Information supplied —
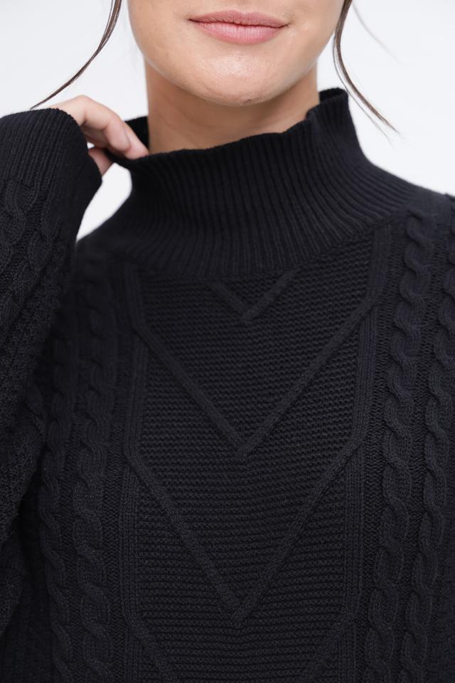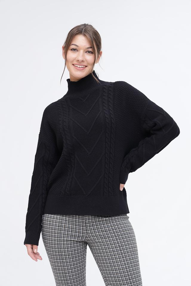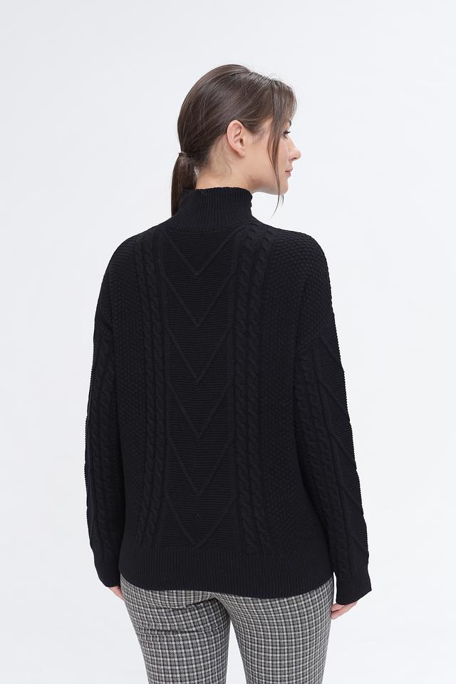 Чёрный пуловер Pezzo с высоким горлом и выразительным узором из кос. Изготовлен из мягкого и приятного к телу сочетания хлопка и акрила, обеспечивающего комфорт и тепло. Идеальный выбор для создания стильного и уютного образа. Состав: хлопок 60%, акрил 40%
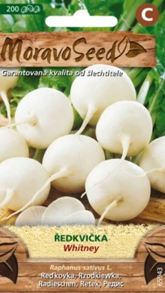 Ředkvička kulatá bílá Whitney je velmi raná odrůda určená k rychlení, jarnímu a podzimnímu polnímu pěstování. Díky svým kulatým, středně velkým a čistě bílým bulvičkám, které výborně odolávají praskání, patří mezi nejoblíbenější bílé ředkvičky do zahrad i skleníků. Vegetační doba pouhých 30–34 dnů umožňuje rychlou a spolehlivou sklizeň.
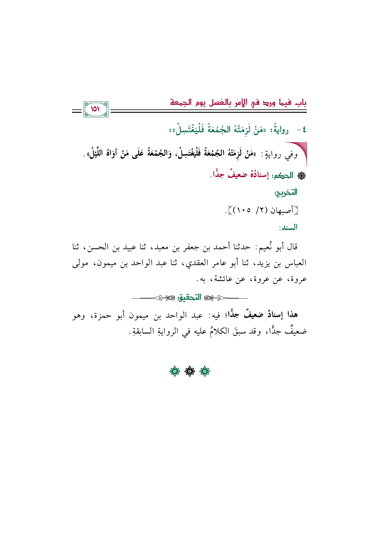 قال أبو نُعيم: حدثنا أحمد بن جعفر بن معبد، ثنا عبيد بن الحسن، ثنا العباس بن يزيد، ثنا أبو عامر العقدي، ثنا عبد الواحد بن ميمون، مولى عروة، عن عروة، عن عائشة، به.

Problem to work on — Print every line of the data exactly. Pictures do not belong in the copy.

Output for this exercise —
 Чёрный пуловер Pezzo с высоким горлом и выразительным узором из кос. Изготовлен из мягкого и приятного к телу сочетания хлопка и акрила, обеспечивающего комфорт и тепло. Идеальный выбор для создания стильного и уютного образа. Состав: хлопок 60%, акрил 40%
 Ředkvička kulatá bílá Whitney je velmi raná odrůda určená k rychlení, jarnímu a podzimnímu polnímu pěstování. Díky svým kulatým, středně velkým a čistě bílým bulvičkám, které výborně odolávají praskání, patří mezi nejoblíbenější bílé ředkvičky do zahrad i skleníků. Vegetační doba pouhých 30–34 dnů umožňuje rychlou a spolehlivou sklizeň.
 قال أبو نُعيم: حدثنا أحمد بن جعفر بن معبد، ثنا عبيد بن الحسن، ثنا العباس بن يزيد، ثنا أبو عامر العقدي، ثنا عبد الواحد بن ميمون، مولى عروة، عن عروة، عن عائشة، به.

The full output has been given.